### Task instructions
The lines you should transcribe are those from the one containing "在吃货眼里,世界万物皆可涮!" to the end of the listing below, exactly, with pictures left out.

### Materials provided
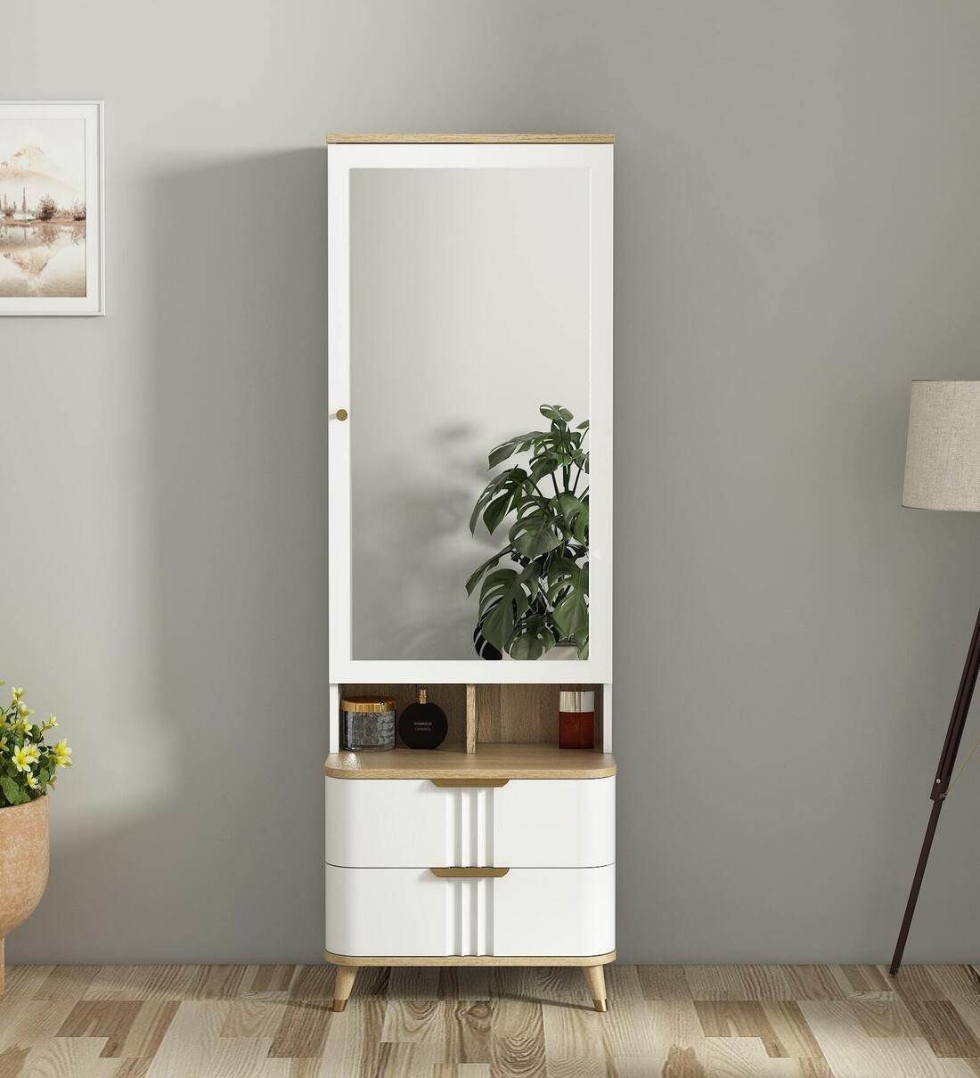 Built to last, the dresser features a robust 18 mm MDF shutter and mirror panel (18 & 3 mm MDF) along with 18 mm MDF side planks for long-term durability. Its minimalist design and glossy surface make it a perfect fit for contemporary bedrooms elevating the aesthetics of your space while keeping everything you need within easy reach.
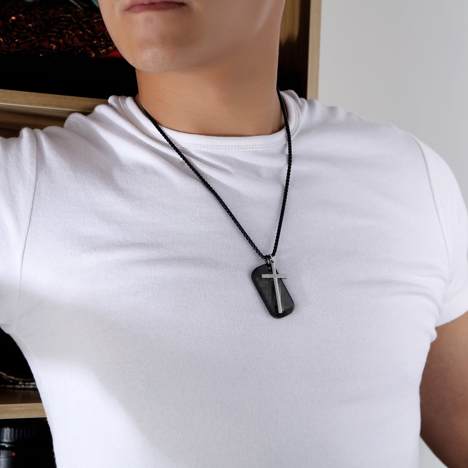 Rockyu ネックレス メンズ シルバー 十字架 クロスペンダント チタン風 プレート付き 金属アレルギー対応
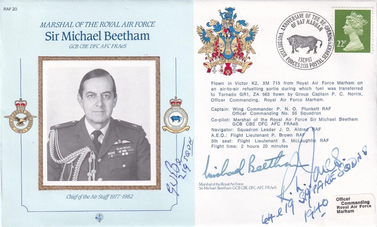 MRAF Michael Beetham Signed, G W Benn, R L Jones both Battle of Britain. 1 Sep 87 BFPS 2138 50th Anniversary of the Re Opening of RAF Marham Special postmark. Marshal of The Royal Air Force Sir Michael Beetham GCB CBE DFC AFC FRAeS. Chief of the Air Staff 1977 to 1982 Blue flown cachet Flown in Victor K2 XM 715 from RAF Marham on an air to air refuelling sortie during which fuel was transferred to Tornado GR1, ZA 563. Personally Signed by Marshal of the Royal Air Force Sir Michael Beetham, GCB CBE DFC AFC FRAES. G W Benn 219 Sqn Air Gunner Battle of Britain. R L Jones 64 and 19 Sqns Battle of Britain Fighter. Certified copy no 0744 of 1200 Signed F/O R J Brown Very Few additional Signed by Benn and Jones. G Holder. Single Vendor RAF cover collection. Good condition. All autographs come with a Certificate of Authenticity. We combine postage on multiple winning lots and can ship worldwide. UK postage from £5.99, EU from £7.99, Rest of World from £9.99
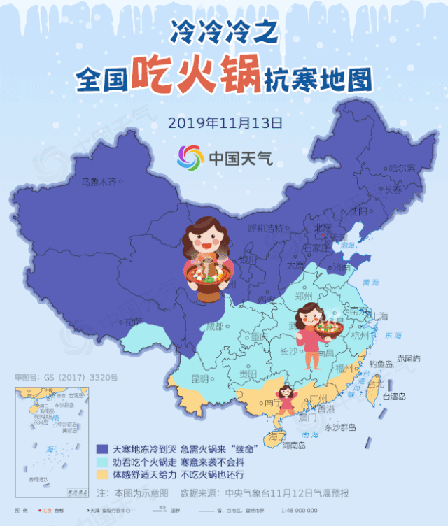 在吃货眼里,世界万物皆可涮!近日最强冷空气“倾巢南下”,多地气温遭“腰斩”,全国吃火锅抗寒地图应运而生,告诉你哪里将冷到瑟瑟发抖急需火锅“续命”。
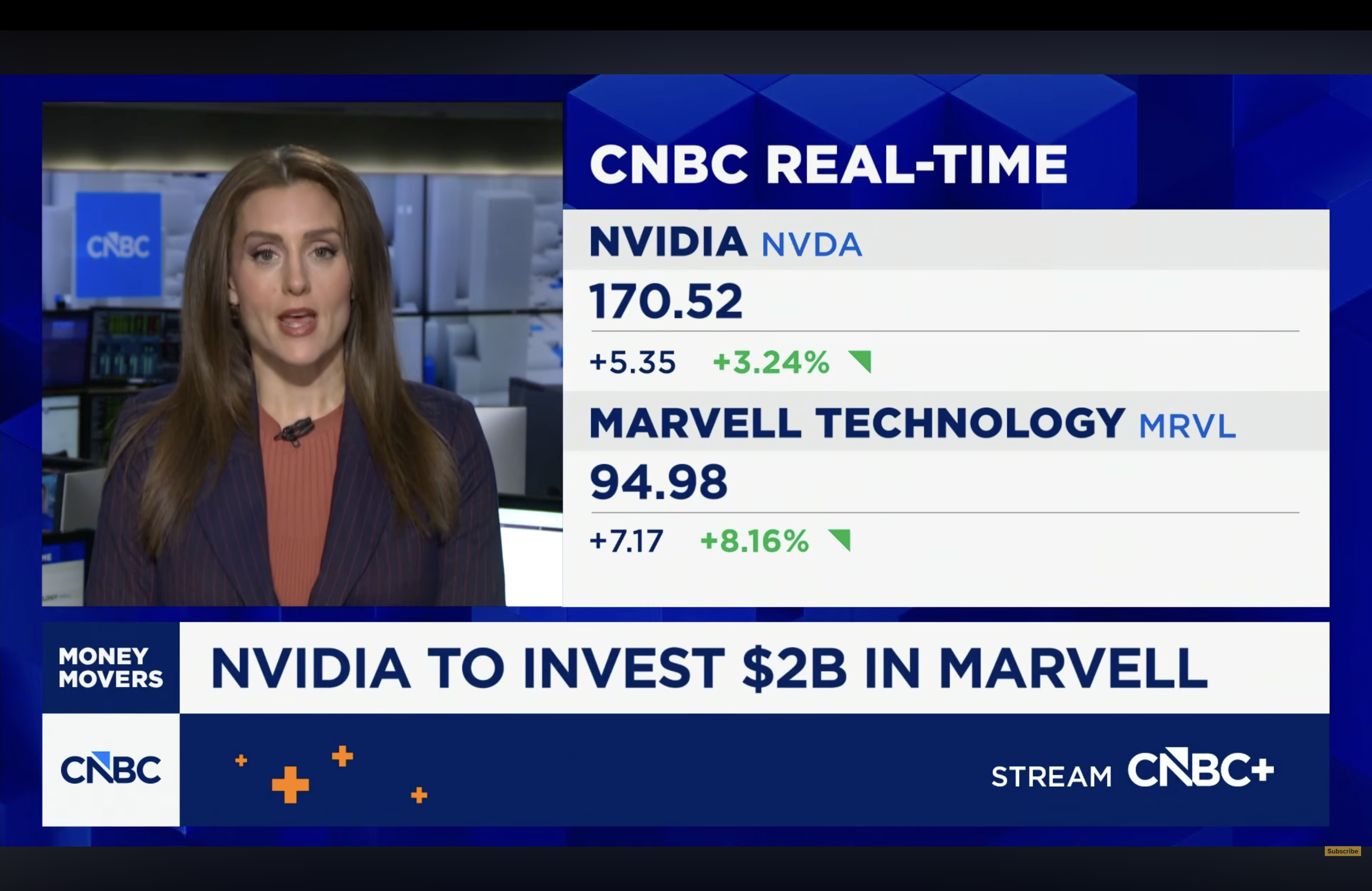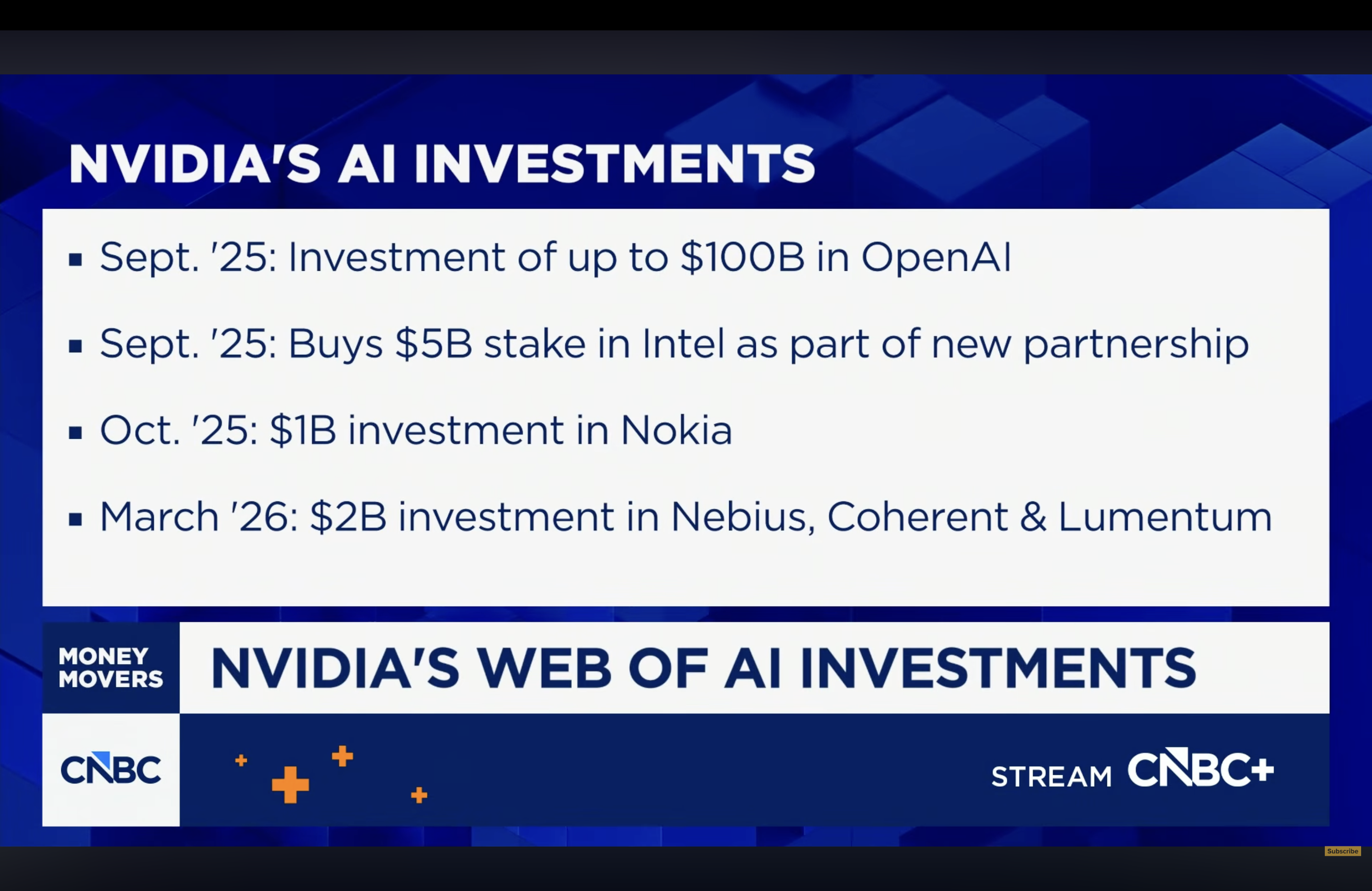 NVIDIA has invested $2 billion in Marvell Technology, a chip company that designs custom AI chips for clients like Amazon. The news sent Marvell's stock up more than 8%. But this is not an isolated deal. It is the latest in a series of billion-dollar investments NVIDIA has made over the past six months, totaling more than $11 billion across optics, cloud, chip design, and telecom. CNBC reporter Kristina Partsinevelos reports that Jensen Huang, CEO of NVIDIA, has been telling investors at every opportunity that NVIDIA is no longer just a chip company. It is an AI infrastructure firm trying to own the entire AI factory, end to end.

### Answer space
 在吃货眼里,世界万物皆可涮!近日最强冷空气“倾巢南下”,多地气温遭“腰斩”,全国吃火锅抗寒地图应运而生,告诉你哪里将冷到瑟瑟发抖急需火锅“续命”。
 NVIDIA has invested $2 billion in Marvell Technology, a chip company that designs custom AI chips for clients like Amazon. The news sent Marvell's stock up more than 8%. But this is not an isolated deal. It is the latest in a series of billion-dollar investments NVIDIA has made over the past six months, totaling more than $11 billion across optics, cloud, chip design, and telecom. CNBC reporter Kristina Partsinevelos reports that Jensen Huang, CEO of NVIDIA, has been telling investors at every opportunity that NVIDIA is no longer just a chip company. It is an AI infrastructure firm trying to own the entire AI factory, end to end.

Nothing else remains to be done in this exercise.